David Morillas

Personal information
- Full name: David Morillas Jiménez
- Date of birth: 28 September 1986 (age 39)
- Place of birth: Águilas, Spain
- Height: 1.86 m (6 ft 1 in)
- Position: Left back

Team information
- Current team: Atlético Pulpileño

Senior career*
- Years: Team / Apps / (Gls)
- 2005–2006: Cuevas
- 2006–2008: Pulpileño / ? / (10)
- 2008–2009: Poli Ejido B / 32 / (1)
- 2009–2010: Águilas / 31 / (1)
- 2010–2011: Roquetas / 36 / (1)
- 2011–2012: Conquense / 38 / (1)
- 2012–2013: Arroyo / 33 / (0)
- 2013–2014: La Hoya Lorca / 41 / (0)
- 2014–2016: Huesca / 75 / (0)
- 2016–2017: UCAM Murcia / 26 / (1)
- 2017–2018: Albacete / 26 / (0)
- 2018–2019: Rayo Majadahonda / 34 / (0)
- 2019–2022: Ibiza / 69 / (0)
- 2022–2024: Alcorcón / 59 / (0)
- 2024–2025: Águilas / 30 / (0)
- 2025–: Atlético Pulpileño / 4 / (0)

= David Morillas =

Spanish footballer (born 1986)

David Morillas Jiménez (born 28 September 1986) is a Spanish footballer who plays as a left back for Tercera Federación club Atlético Pulpileño.

==Club career==
Born in Águilas, Region of Murcia, Morillas made his debut with Cuevas CF in the regional leagues, in 2005. He first arrived in Segunda División B only in 2009, after spells at CA Pulpileño (where he scored a career-best ten goals during his first and only campaign) and Polideportivo Ejido B, agreeing to a contract with Águilas CF.

Morillas remained in the third division in the following years, representing CD Roquetas, UB Conquense, Arroyo CP, La Hoya Lorca CF and SD Huesca. With the latter he achieved promotion to Segunda División at the end of the campaign, appearing in 44 matches.

Morillas made his professional debut on 22 August 2015, playing the full 90 minutes in a 2–3 home loss against Deportivo Alavés. On 3 November, he renewed his contract until 2017.

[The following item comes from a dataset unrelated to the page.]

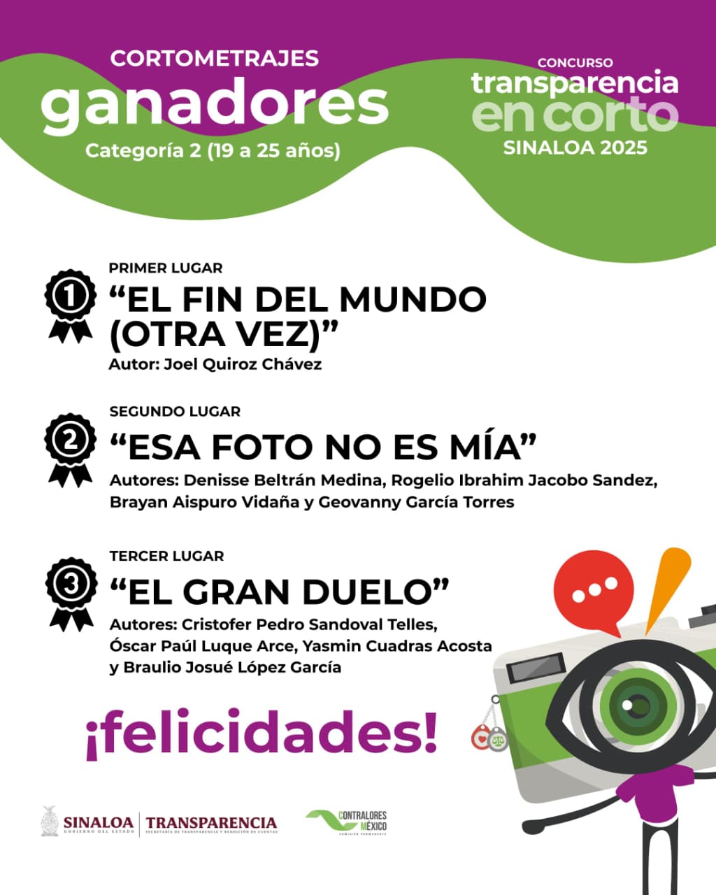 Dichos cortometrajes obtuvieron el primero, segundo y tercer lugar de las categorías 1 y 2 del Concurso Transparencia en Corto Sinaloa 2025, organizado por el Gobierno del Estado de Sinaloa a través de la Secretaría de Transparencia y Rendición de Cuentas, y ahora participan en igualdad de condiciones por el reconocimiento a nivel país.
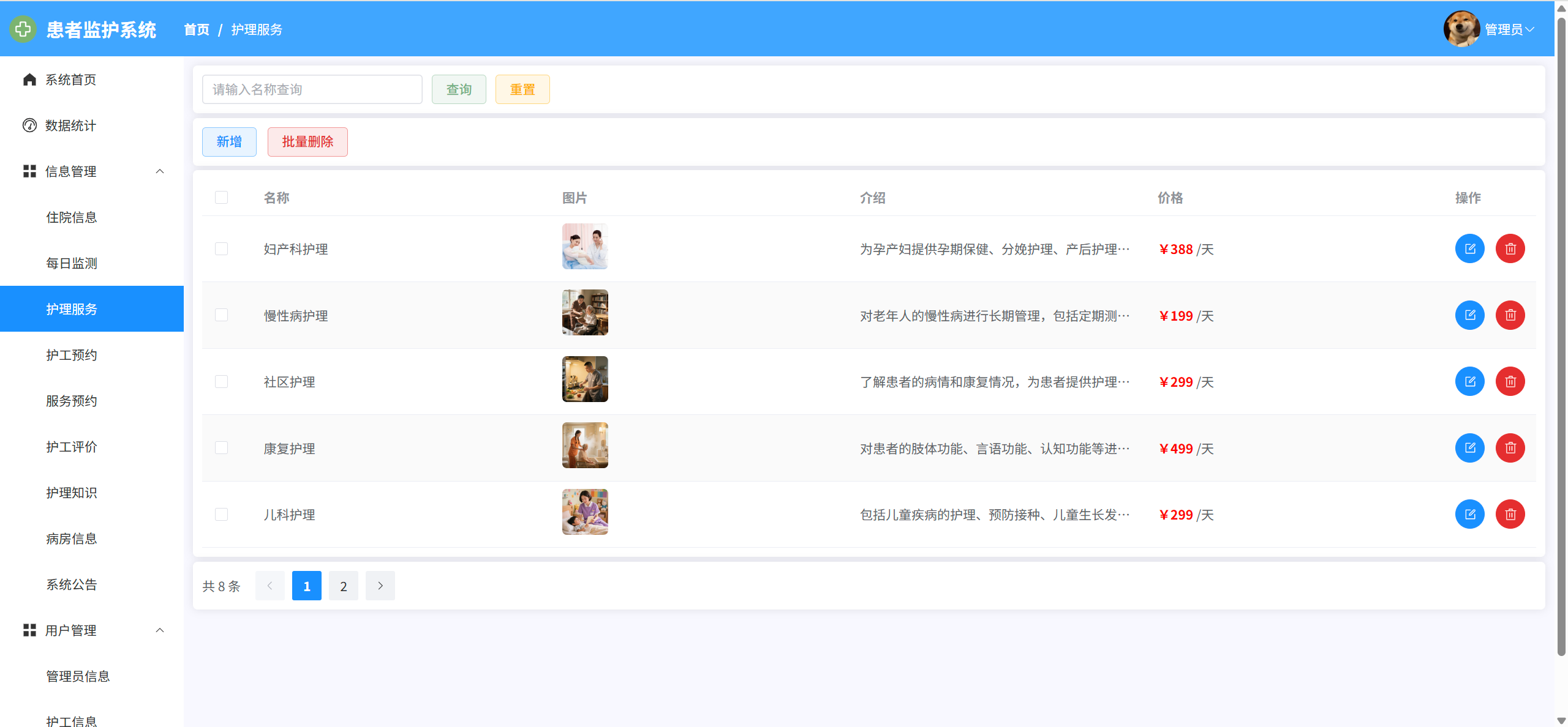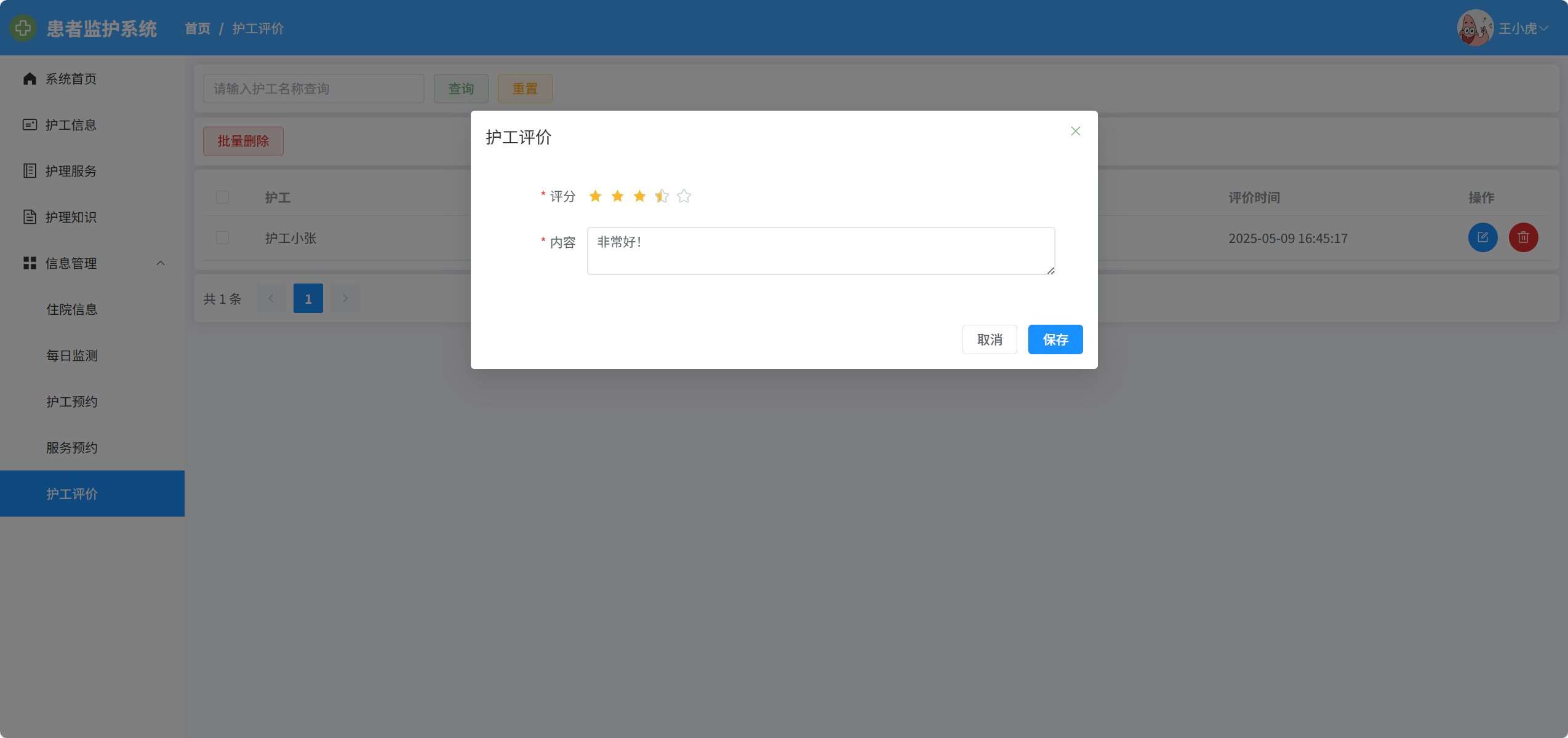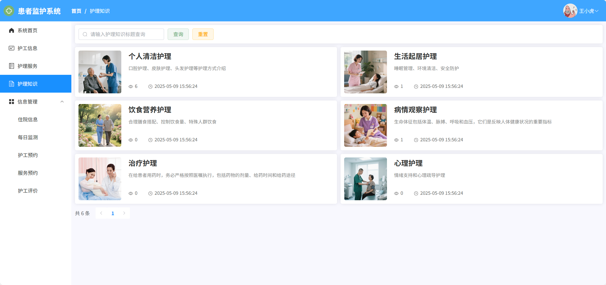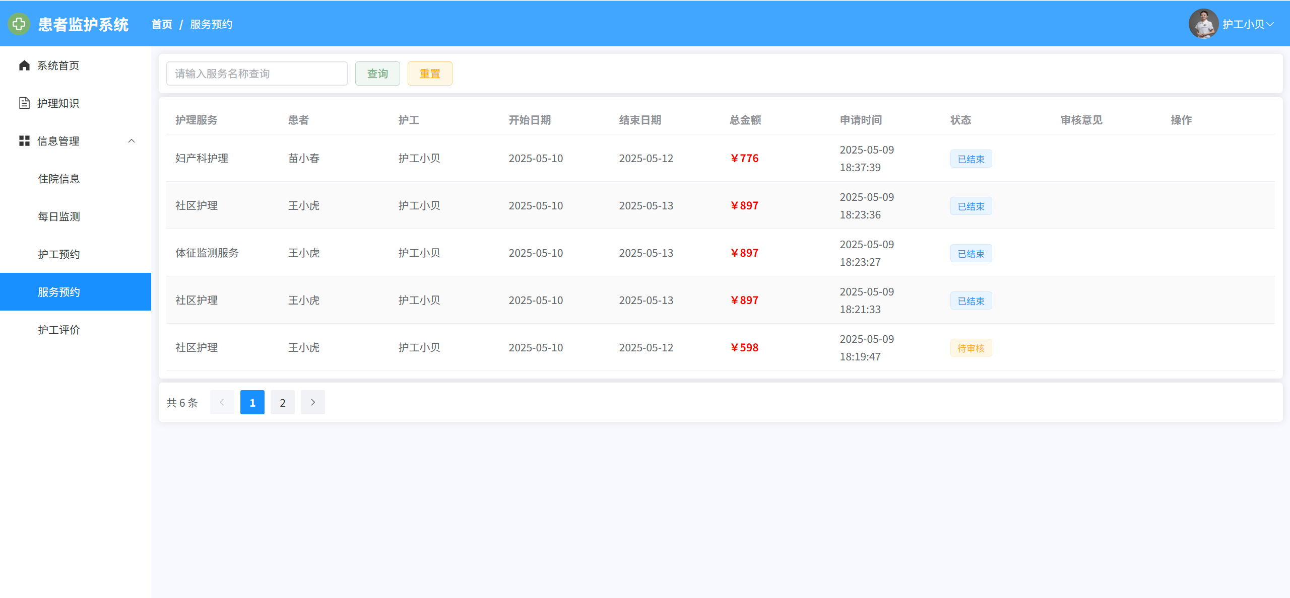 护工信息:查看所有护工信息,可预约、可查看护工评价

On 29 August 2016, Morillas signed a two-year contract with fellow league team UCAM Murcia CF, after rescinding with Huesca. He scored his first professional goal on 20 May of the following year, his team's third in a 3–1 home win against his former club Huesca.

On 6 July 2017, after suffering relegation with UCAM, Morillas joined Albacete Balompié also in the second tier. On 23 July of the following year, he moved to fellow league team CF Rayo Majadahonda.

On 20 July 2019, Morillas joined UD Ibiza in the third division. He was a regular starter in the club's first-ever promotion to the second level, before leaving on 18 May 2022.

On 27 July 2022, 35-year-old Morillas joined AD Alcorcón in Primera Federación.

On 28 June 2024, Morillas returned to his hometown and signed with Águilas FC in Segunda Federación.